- Theatrical release poster
- Hangul: 인턴
- RR: Inteon
- MR: Int'ŏn
- Directed by: Kim Do-young
- Screenplay by: Kim Do-young
- Based on: The Intern by Nancy Meyers
- Produced by: Choi Jae-won
- Starring: Choi Min-sik; Han So-hee;
- Cinematography: Shin Tae-ho
- Edited by: Lee Kang-hee
- Music by: Narae
- Production companies: Anthology Studios; Warner Bros. Korea;
- Distributed by: Warner Bros. Korea
- Release date: September 16, 2026;
- Country: South Korea
- Language: Korean
- Box office: US$4.5 million

= The Intern (2026 film) =

2026 South Korean comedy drama film

The Intern (인턴) is a 2026 South Korean comedy-drama film directed by Kim Do-young. A remake of Nancy Meyers's 2015 film, it stars Choi Min-sik reprising the roles of "Ben" Whittaker, and Han So-hee of Jules Ostin. Distributed by Warner Bros. Korea, the film was released in South Korea on September 16, 2026.

==Summary==
A young entrepreneur, Seon-wu is the founder and CEO of the fashion startup Woo22, which achieves ₩10 billion in sales within three years. While she continues to pursue success with intense focus and ambition, her routine is disrupted by the arrival of Gi-ho, a late-career newcomer described as a "silver intern." Despite having 37 years of professional experience, he finds it difficult to adjust to the company's digital workflows and informal culture. Over time, his sincerity, steady work ethic, and warm interpersonal style influence Seon-wu, leading the two to develop a mutually supportive relationship. Their contrasting backgrounds allow them to exchange perspectives and experiences, bringing unexpected emotional depth and balance to their fast-paced working lives.

==Cast==
- Choi Min-sik as Kim Ki-ho, the intern
- Han So-hee as Lee Seon-woo, CEO of Woo22
- Kim Jun-han as Young-hwan
- Park Ye-ni as Yujin
- Ryu Hye-young as Choi Min-a
- Kim Geum-soon as Hui-suk
- Yoon Sang-jeong as Yun-hee
- Kang Tae-oh as Kang Min-wook
- Han Ji-eun as Ruda

==Production==
===Development===
In August 2024, Warner Bros. Discovery made a deal with Jack Nguyen through his new company, Joat Films, that he would get the first chance to develop film projects based on Warner Bros.' English-language films and remake them for Asian audiences. Their first planned project was decided to be the Korean remake of the 2015 comedy-drama The Intern by Nancy Meyers.

===Casting===
In August 2025, it was confirmed that Choi Min-sik and Han So-hee would star together in the film Intern, directed by Kim Do‑young.

===Filming===
Principal photography began on September 29, 2025 and filming ended on December 6, 2025.

==Release==

The Intern was released in South Korean theaters by Warner Bros. Korea on September 16, 2026 coinciding with Chuseok holidays.

==Reception==
===Box office===
The film was released on 1473 screens and registered the highest opening-day gross with 61,038 viewers, taking top spot in overall box-office rankings surpassing The Odyssey. It crossed 400,000 viewers in its opening weekend, reaching a total audience of 403,906 and securing the number-one position at the Korean box office.

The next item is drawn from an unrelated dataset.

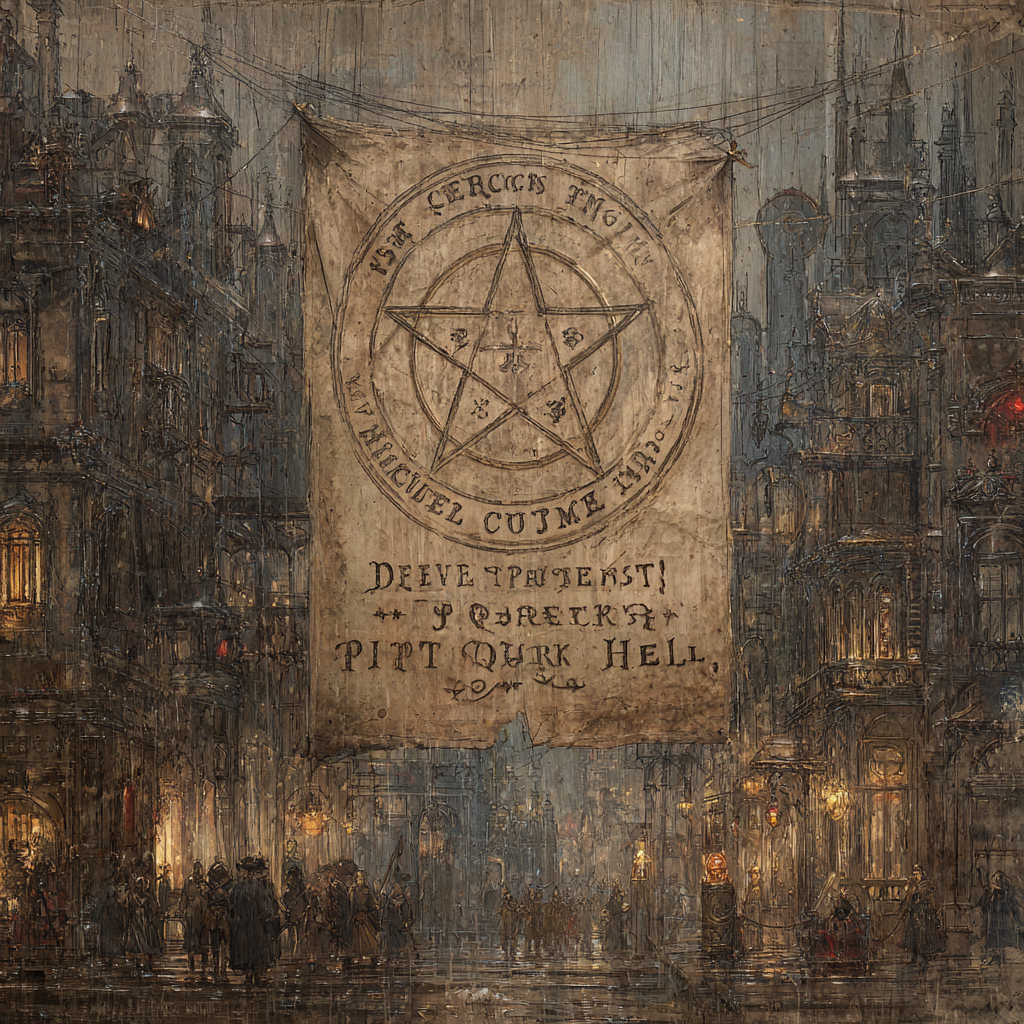 Транспарант, на котором изображена звезда, предохраняющая от адского пламени. Полный восторг!
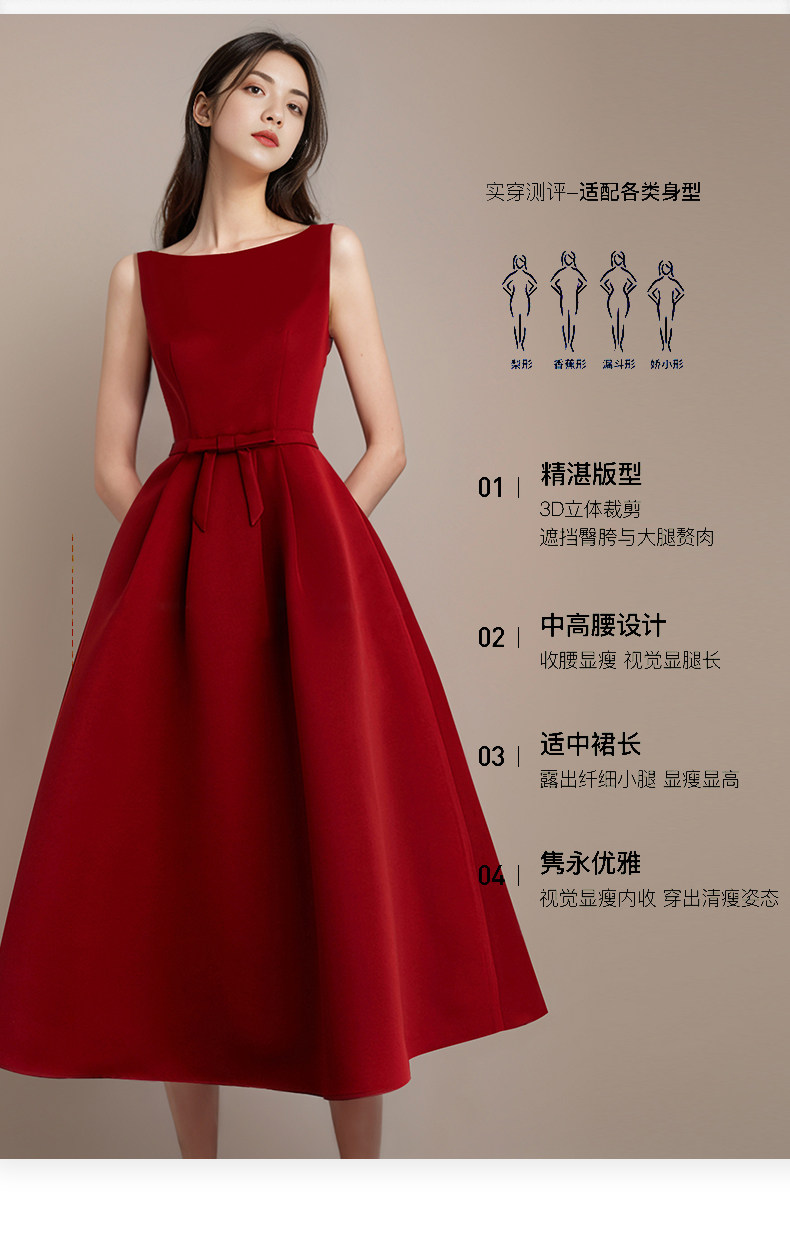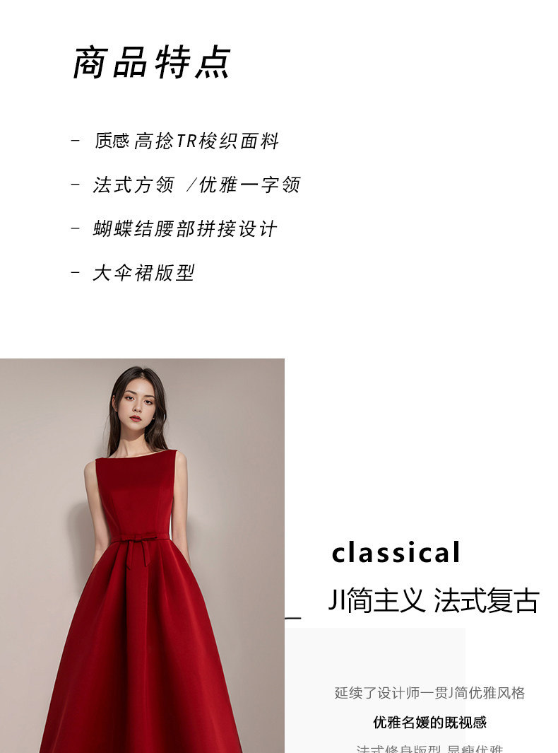 紅色連衣裙女法式訂婚敬酒禮服公主蓬蓬裙收腰氣質長裙高級感穿搭

As of 25 September 2026, the film has grossed from 627,616 admissions.

===Critical response===
Lee Min-ji of Yonhap News Agency described the Korean remake as a warm, feel-good workplace film that explores generational tensions and Korea's seniority culture. She praised the chemistry between Choi Min-sik and Han So-hee, as well as the supporting cast, while criticizing the episodic and predictable narrative. She also highlights the effective use of Korean settings, cultural details, social media, and the digital divide. Lee viewed the film as an uplifting "workplace fairy tale", despite feeling that its story does not fully match the strength of its performances.